* [COLLECTED DATA]:
━━━━━━━━━━

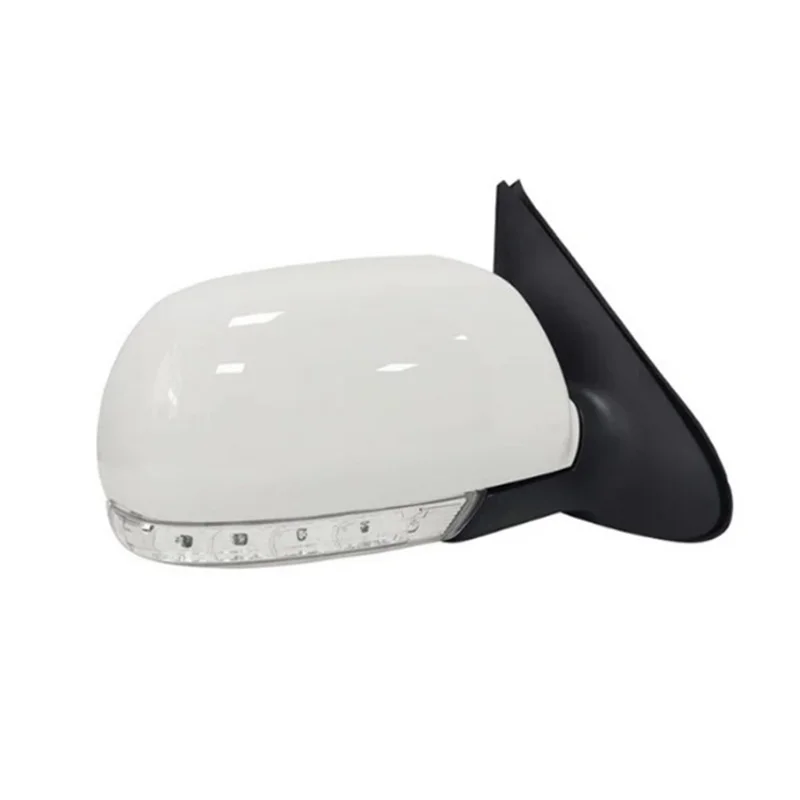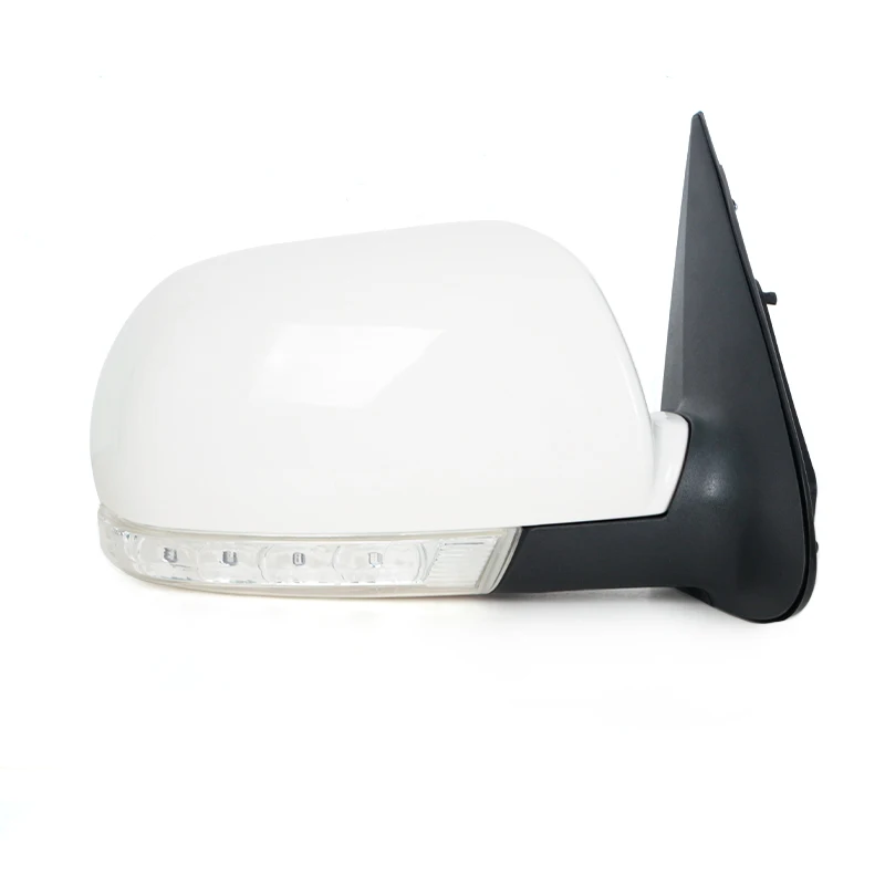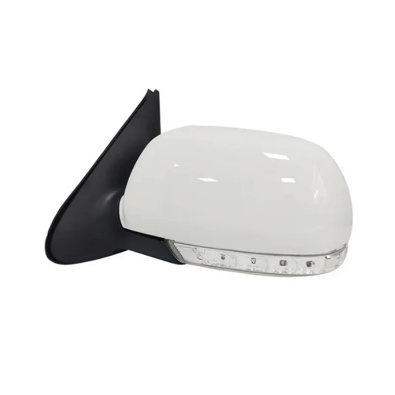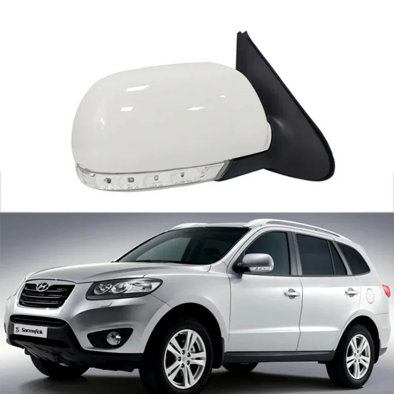 Upgrade your Hyundai Santa Fe from 2008 to 2012 with this premium folding side rearview mirror, designed to enhance both functionality and aesthetic appeal. Featuring a sleek, aerodynamic profile, the glossy white exterior casing provides a modern look while contrasting beautifully with the black plastic base. The clear glass reflective surface ensures optimal visibility, while integrated LED turn signals enhance your safety on the road. With options ranging from 5 to 8 pin configurations, you can customize the functionalities to suit your driving style, including electric adjustments, folding features, and even mirror heating.
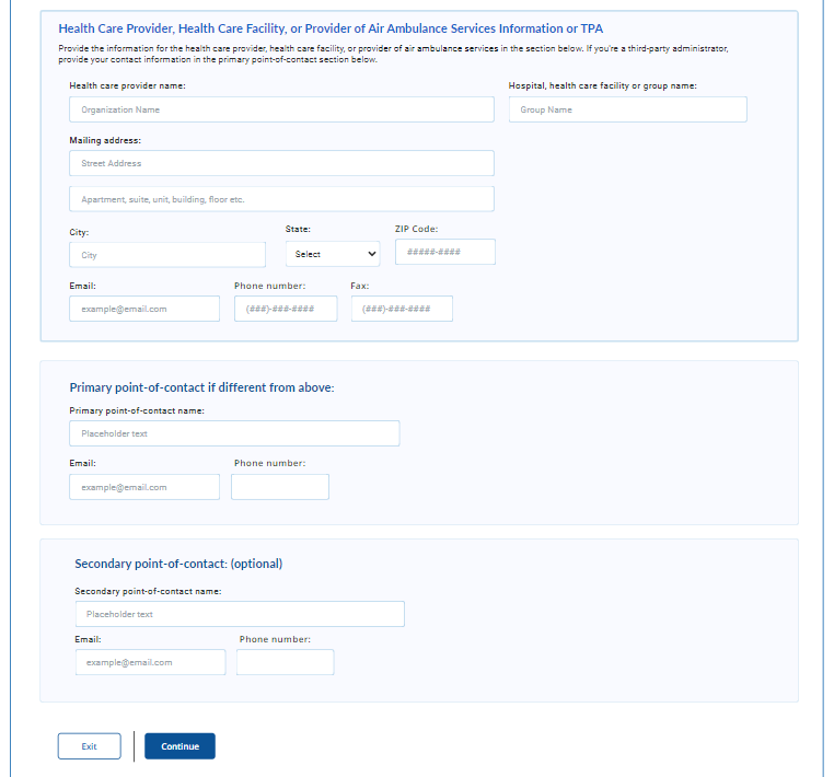 Provide the information for the health care provider, health care facility, or provider of air ambulance services in the section below. If you’re a third-party administrator, provide your contact information in the primary point-of-contact section below.
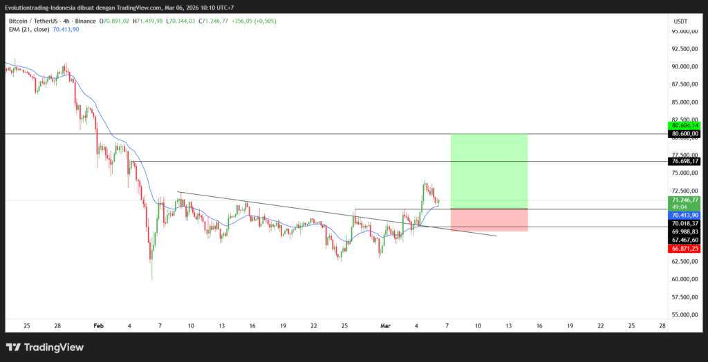 Bitcoin telah menunjukkan perubahan struktur menjadi bullish di timeframe 4 jam dengan pembentukan higher high dan berhasil bertahan di atas 21 EMA timeframe 4 jam.

━━━━━━━━━━

* [YOUR GOAL]: Pictures aside, give the data again exactly as it appears.

* [EXERCISE RESPONSE]:
 Upgrade your Hyundai Santa Fe from 2008 to 2012 with this premium folding side rearview mirror, designed to enhance both functionality and aesthetic appeal. Featuring a sleek, aerodynamic profile, the glossy white exterior casing provides a modern look while contrasting beautifully with the black plastic base. The clear glass reflective surface ensures optimal visibility, while integrated LED turn signals enhance your safety on the road. With options ranging from 5 to 8 pin configurations, you can customize the functionalities to suit your driving style, including electric adjustments, folding features, and even mirror heating.
 Provide the information for the health care provider, health care facility, or provider of air ambulance services in the section below. If you’re a third-party administrator, provide your contact information in the primary point-of-contact section below.
 Bitcoin telah menunjukkan perubahan struktur menjadi bullish di timeframe 4 jam dengan pembentukan higher high dan berhasil bertahan di atas 21 EMA timeframe 4 jam.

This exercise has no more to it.